Write out, word for word, the part of the listing below that opens with the line containing "FLY AWAY WITH" and closes with the line containing "Qatar has become", keeping both of those lines and adding no others.

Dataset extract:
______

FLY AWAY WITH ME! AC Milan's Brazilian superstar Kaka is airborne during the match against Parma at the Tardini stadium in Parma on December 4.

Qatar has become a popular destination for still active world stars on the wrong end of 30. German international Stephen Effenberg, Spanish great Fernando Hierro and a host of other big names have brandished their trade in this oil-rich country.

______

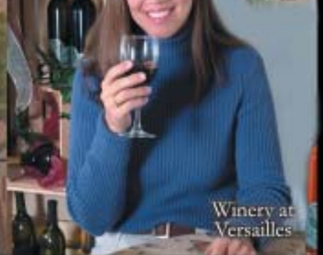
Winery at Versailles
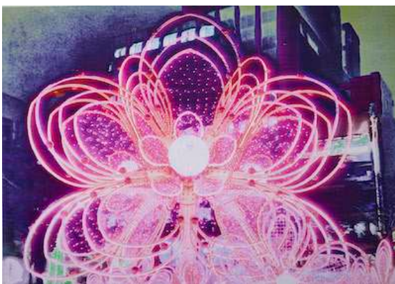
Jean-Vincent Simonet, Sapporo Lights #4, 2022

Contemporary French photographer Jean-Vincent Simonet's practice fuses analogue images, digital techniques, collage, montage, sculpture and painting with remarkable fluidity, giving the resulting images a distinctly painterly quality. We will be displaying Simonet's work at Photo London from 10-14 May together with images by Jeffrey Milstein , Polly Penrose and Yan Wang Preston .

______

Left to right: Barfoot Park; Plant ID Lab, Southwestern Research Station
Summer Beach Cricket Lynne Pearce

______

Solution:
FLY AWAY WITH ME! AC Milan's Brazilian superstar Kaka is airborne during the match against Parma at the Tardini stadium in Parma on December 4.

Qatar has become a popular destination for still active world stars on the wrong end of 30. German international Stephen Effenberg, Spanish great Fernando Hierro and a host of other big names have brandished their trade in this oil-rich country.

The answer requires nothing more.